Tinky & Joshua Bello
Coaching helped both my son and I. There’s more trust, confidence, and the right kind of love.
Prior to this testimonial, my son had 2 very successful sessions in Life Coaching. From being very shy and timid, he now enjoys socializing with his classmates. He has learned to express himself more to me through words, whereas previously, it would take me a drum of sweat before I could squeeze more than 2 words from him.
My son has graduated from High School this past school year. Being very talented in the field of music, violin in particular, he decided to pursue his gift through college, hence, he had to undergo auditions and music theory exams in 2 of the best universities in the country. He prepared, well that’s really an understatement as he actually pushed and worked and practiced himself to sleep almost every day and night. I admired him so much for his perseverance! Yet at the same time, I can see he was already struggling with something inside of him. And then one day, he was not practicing so much anymore. He was just playing video games most of the time. And so I would remind him every now and then to practice and study for his music theory exam. With this, I decided to make an appointment with Edwin, my son’s life coach, a few days before his first audition. We met at the beautiful and very serene American Memorial in Taguig City. And so their coaching session went on as my daughter, my husband and I enjoyed the venue away from Edwin and my son.
After their session, Edwin discussed a few things with us regarding my son’s sentiments. Apparently, my son felt I, his mother, was nagging him about practicing. I was hurt as I know my intentions are for his best welfare and my son did not understand it. Edwin also recommended to create ‘happy moments’ with my son. Edwin requested him to play his violin for us, but my son was hesitant so my husband and I tried to make the situation light and we told him we’ll pay him to play for us. He agreed but still with much hesitation. He started to play but could not seem to get his groove that he suddenly stopped playing and adamantly refused to play again. I was confused. What was happening? This seemed like a much different outcome from his previous first 2 sessions. We did not push him anymore.
On our way home, Chino was very quiet and in a not-so-good mood. When we got home, after a few minutes my son went to me. He was crying and told me he was quitting, he did not want to pursue music anymore. He said he was not good enough and that perhaps he decided to pursue music because it’s the only thing he knows and nothing else. I was shocked! Again, I was at a loss on how to help him.
I asked him why, and he said he did not feel he’s ready, that he was finding his music piece very difficult to perform and so he knows he will not make it. He was saying all these things in anger and frustration! I could not tone him down. He was venting his frustration!

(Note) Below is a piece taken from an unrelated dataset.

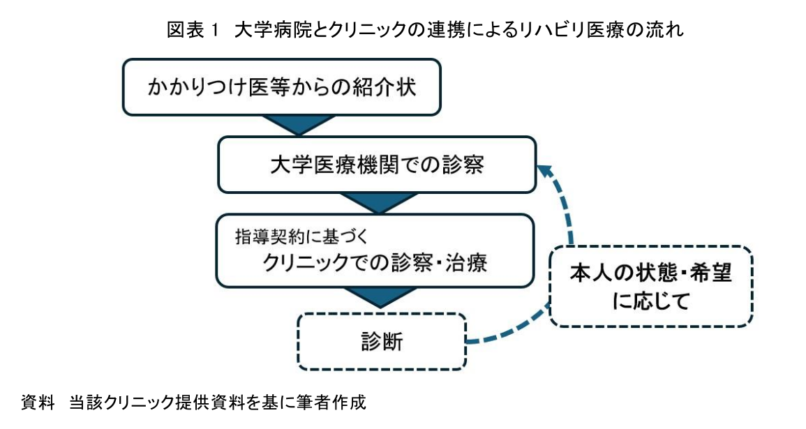 そこで、リハビリ医療へのアクセスを容易にすべく、大学病院とクリニックの連携による新たなモデルが試行され始めた。このモデルは、医師の診療と処方にもとづいて、先端技術を活用したリハビリ医療を慢性期の患者にも提供するものである。具体的には、大学病院のリハビリ医療の専門家(専門医や理学療法士等)とクリニックの専門家が協働して診断と治療を提供するもので、治療実施までの流れは図表1のとおりである。この連携は、従来の枠組みを超えた新しい医療提供モデルとなっている。

I called Edwin. He told me to keep on assuring my son that no matter what he decides on, he will still be loved and supported. And so my husband and I assured our son that our love for him will not lessen even if he decides to quit pursuing music. But we also told him that whatever decision he will make for himself, he will bear its result, both good and bad. He will take the responsibility for his action. If it turns out good, we will rejoice with him; if otherwise, we will weep with him and support him endlessly as long as we live.
He did not say it but by his actions in the succeeding days, he decided he will go through his first audition. I refrained from reminding him to practice and study. I was acting as if I did not care so much about what he decided on but in my heart I was down on my knees praying for God’s best for my son.
The audition day came. I chose not to accompany my son to his audition as he might feel more pressured with my presence. It seemed my presence was not comforting to him during those days. But he did ask me if I was going or not the night before. My husband accompanied my son to the university.
They waited 2 hours before turn came. When he came out of the audition room, he held a piece of paper with the result of his audition. My son received the highest scores in both the actual performance and the music theory exam! We were all celebrating his victory! I felt the result was a very timely affirmation of his gift! My son gained his confidence back!
And so the cycle continued in the next two weeks as my son still has another university to prepare for. But this time he was not acting so frustrated anymore. He felt assured that there’s already a school which accepted him. He still pounded himself in practice and music theory review. I kept my distance. I made sure that I would approach him only to hug him and ask him how he is. Once again, he passed the gruelling audition process! My son could not believe it! He said the second university’s audition was more difficult than the first one. I could not feel prouder, not just because he passed his auditions, but also because my son fought through his struggles and fears; whereas I also fought through my own fears and my feelings of helplessness.
Coaching helped both my son and I to work through the pains of reality, acceptance and adapting changes in our actions. Both of us grew in maturity towards our relationship with each other. There’s more trust and confidence, and definitely there’s more of the right kind of love.